World, Middle East

Hunger leads Syrian refugee to commit suicide

Reports suggest that the refugee woman and her children had nothing to eat for the past two weeks

Hunger leads Syrian refugee to commit suicide file photo


A Syrian refugee woman is in critical condition after setting herself on fire at a refugee camp near the Jordanian border due to lack of enough food.

The suicide attempt took place at Al-Rukban refugee camp near Syria’s border with Jordan as the woman helplessly watched her children starving, according to a local medic and spokesman at the camp.

"The refugee woman is suffering severe burns,” medic Shukri Shihab told Anadolu Agency.

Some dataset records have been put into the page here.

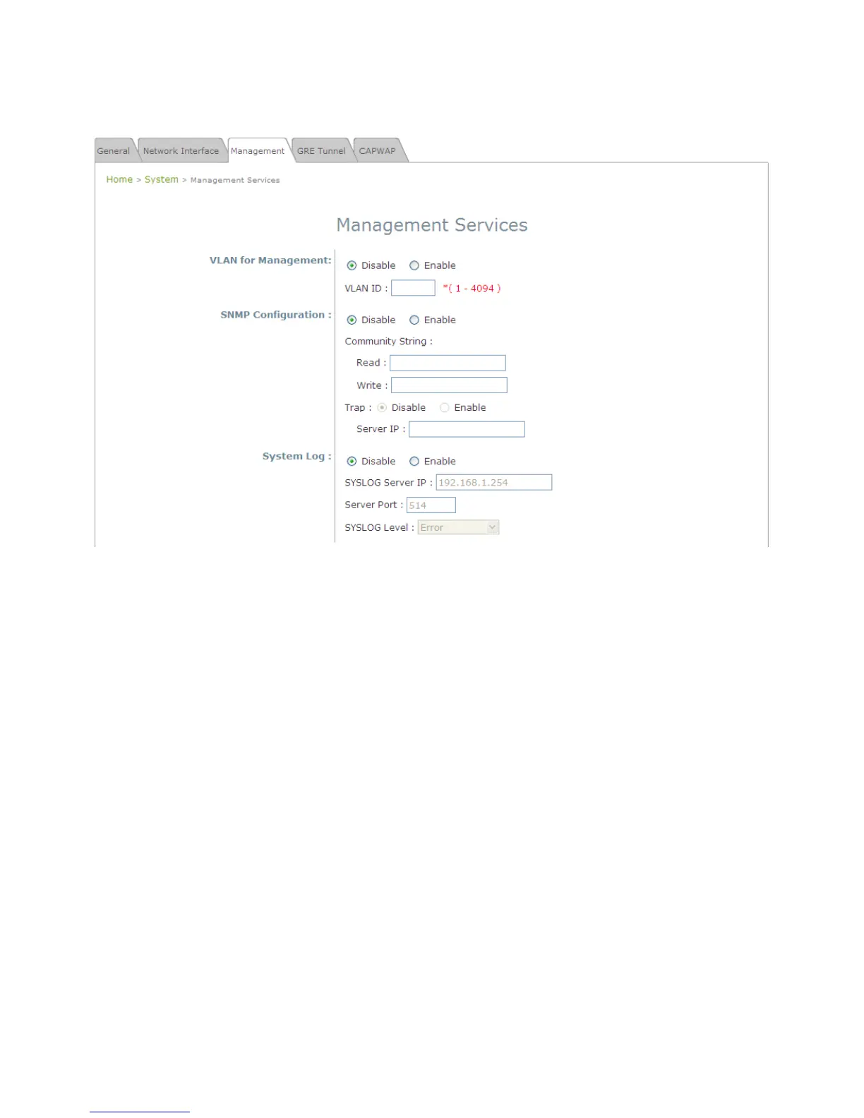 The management services (e.g. VLAN for Management, SNMP, and System log) can be configured
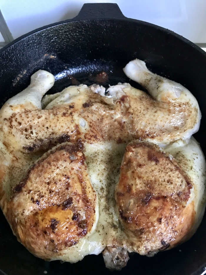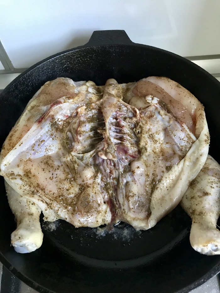 Итак, цыпленка моем, намного опаливаем на газу, ну мало ли перья там остались, разрезаем вдоль грудки, берем кулинарный молоток, перебиваем суставы, что бы от жара цыпленок не восстал:), натираем сванской солью со всех сторон. Осторожно, есть риск пересолить, у меня ушло 2 столовых ложки, но мы любим соленое с женой, чуть на грани пересола. Одновременно нарезаем мелко 1,5 зубчика чеснока, в миску его и кусочек сливочного мала, это потом сыграет в блюде. Достаем сковороду и тут главное, медленно ее нагреть, что бы чугун аккумулировал тепло по всей поверхности, на газу , на небольшом огне у меня ушло минут 15, добавляем потом растительное масло, 2 столовых ложки, больше не надо, поверьте, курица вымерит свой жирок при жарке. Чуть увеличиваем пламя, и кладем тушку цыпленка кожей вниз, сверху груз, убавляем огонь до минимума и 15 минут на одной стороне, потом 15 на другой, потом еще по 5 минут на каждой стороне. Когда почти готов, ставим миску с чесноком и сливочным маслом в микроволновку буквально на минуту, масло тает, размешиваем. Выключаем плиту, в чугуне еще достаточно жару, нам ведь горелый чеснок не нужен? Поливаем маслом с чесноком с двух сторон нашу тушку, растираем, накрываем крышкой минут на 10. Достаем, едим. Сочно, вкусно. То, что на фото (фото идут последовательно), уже съедено мной и женой, на все ушло минут 15, с хлебом, со свежим помидором и огурчиками. В общем, рецепт мой, пробуйте, понравится, я буду рад, нет, ну ладно. Фото для критики прилагаю (сейчас начнется, знаю), руки кривые , горизонт завален, фоткал на огрызок. Приятного аппетита.
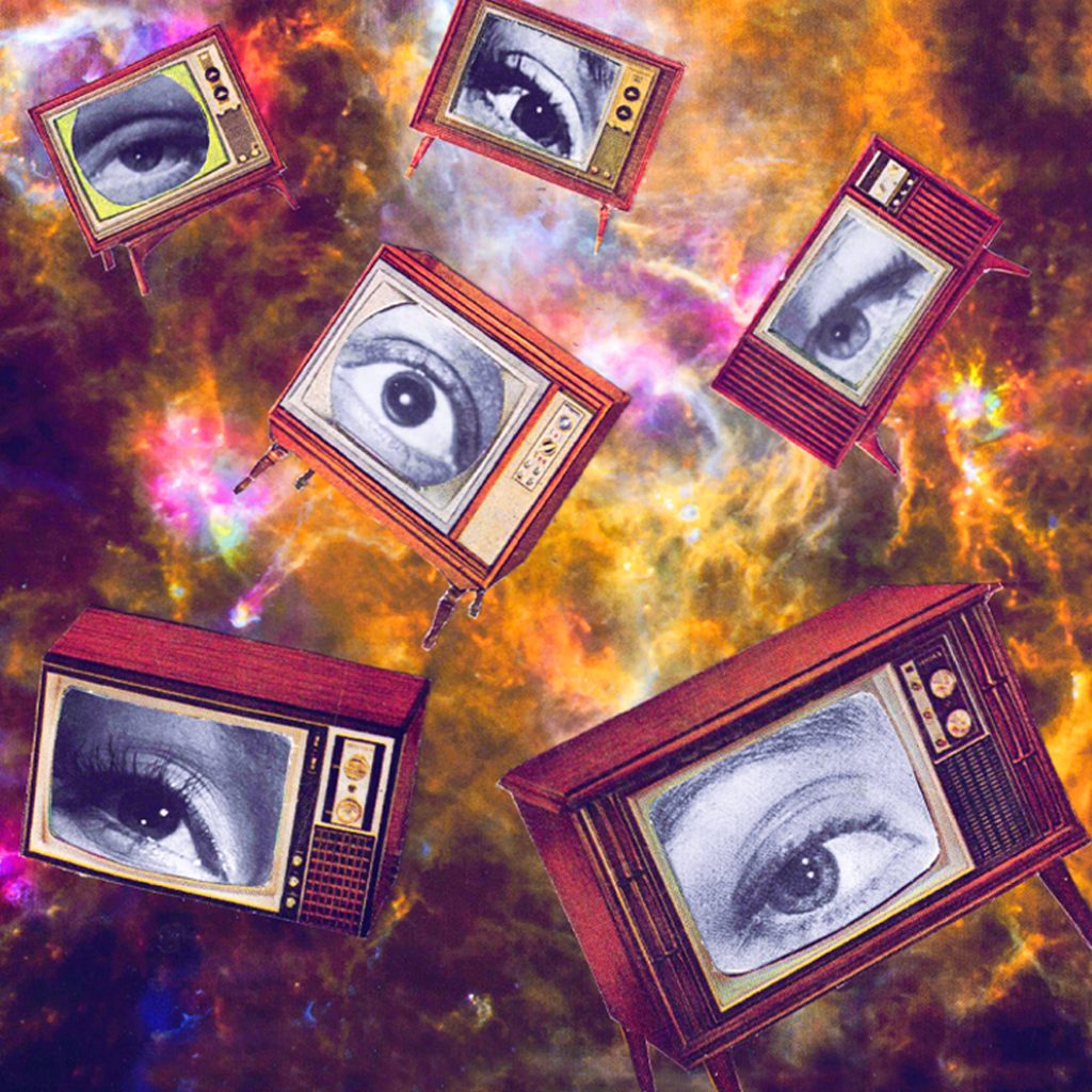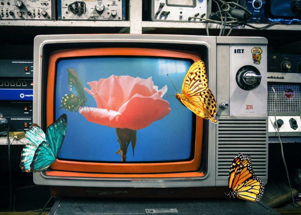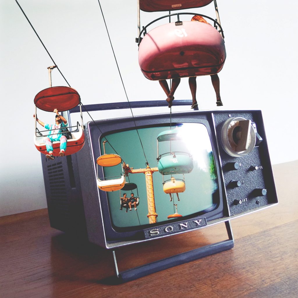 A candy-colored carnival-type skyride drifts out of a vintage TV and into open space. This is another one of those moments where the image doesn’t stay put, it breaks out of its frame and blurs the line between scene and viewer.
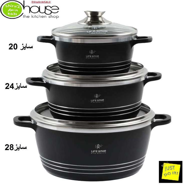 دارای سه عدد قابلمه چدنی در اندازه های۲۸-۲۴-۲۰ با طرح کلاسیک و درب شیشه ای بسیار بادوام و دسته های نسوز می باشد
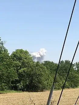 On June 9, 2020, a shipping container containing modified fireworks accidentally detonated along Orchard Road causing a large mushroom cloud that was visible for miles. The explosion set another shipping container ablaze and caused another explosion, causing fireworks to launch into the air, setting nearby corn fields on fire and damaging property. Firefighters were dispatched, the fire was quickly extinguished, and officials discovered the body of Brian Ehret, the owner of the property.
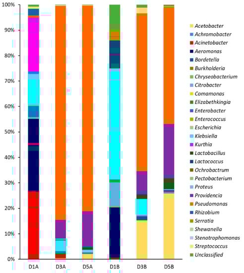 The bacterial diversity of biofilms on type A deposits decreased from days 1 to 5 according to the Shannon–Wiener index, and confirmed by reduction of the Equitability index. Biofilms on days 3 and 5 showed predominance of Pseudomonas genus (Figure 7), and a reduction of diversity as indicated by the J′ values (Table 6). Pseudomonas are commonly found in dairy plants and many isolates can form biofilms [60] as shown here. In particular, biofilms of Pseudomonas aeruginosa of dairy origin have shown multiple resistance to chemical treatment [61]. On the other hand, biofilms on type B deposits showed less biodiversity changes with maturation time. On days 3 and 5 three genera were dominant, being the most abundant Pseudomonas, followed by Streptococcus and Providencia, while equitability remained constant (Table 6, Figure 7). This finding confirms that biofilms comprise mixed bacterial populations, while the most predominant groups are the best adapted to the environmental conditions. There are reports showing the importance of biofilm development during storage and handling of raw milk, the genera involved, and their influence on the quality and safety of final products [62,63].
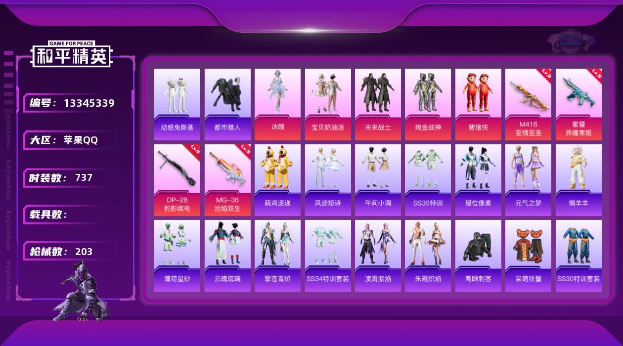 yzj11489 可二次 苹果q-2稀有5粉装4特效呛17热门 极品小身法 m4至情至圣满级 猪猪侠 绚金战神 未来战士 兔斯基 tt战队服 蓝螳螂 187套装203呛皮 61635热力值 13印记 历史卓越王牌16星 【2稀有】 都市猎人 浪漫天命 【5粉装】 冰魄 猪猪侠 宝贝奶油派 未来战士 绚金战神 【4特效呛】 mg-36-沧焰双生 5级 dp-28-豹影疾电 5级 蜜獾-异
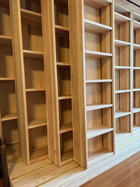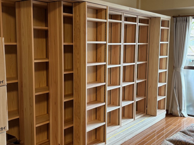 兵庫県尼崎市へ杉のオーダースライド書棚を納品しました。
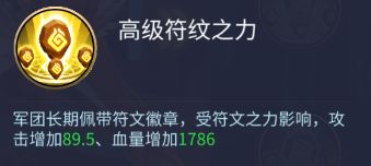 高级符文之力:军团长期佩戴符文徽章,受符文之力影响,攻击增加89.5,血量增加1786

He said the woman has been transferred to Jordan for medical treatment.

Omar al-Homsi, a spokesman for the civil defense agency at the camp, said there were conflicting reports about the incident.

“Some suggest that she was injured in a fire at her tent, while others say she committed suicide,” he said.

“Her brother in Syria’s northern Idlib city confirmed that neither his sister nor nephews had anything to eat for the past two weeks.”

Activists at the camp say that the refugee woman was a mother of three.

The woman’s husband appeared in a video footage saying that his wife had committed suicide due to poverty and hunger.

“Our information shows that the woman’s family is very poor and they had nothing to eat for the past two weeks,” al-Homsi said.

In a statement issued late last year, the Syrian Network for Human Rights (SNHR) said six refugees, including five children, had died in Al-Rukban camp as a result of starvation, disease and lack of medicine.

It blamed the Syrian regime for the humanitarian crisis in the desert camp and accused the Jordanian government of banning the entry of humanitarian aid into the camp.

Located in the desert on the Syrian-Jordanian border, the Al-Rukban camp is home to nearly 60,000 refugees displaced by the ongoing conflict in Syria.

The Syrian regime has imposed a tight siege around the camp, triggering deteriorating humanitarian conditions for its residents.

Syria has only just begun to emerge from a devastating conflict that began in 2011 when the Bashar al-Assad regime cracked down on demonstrators with unexpected ferocity.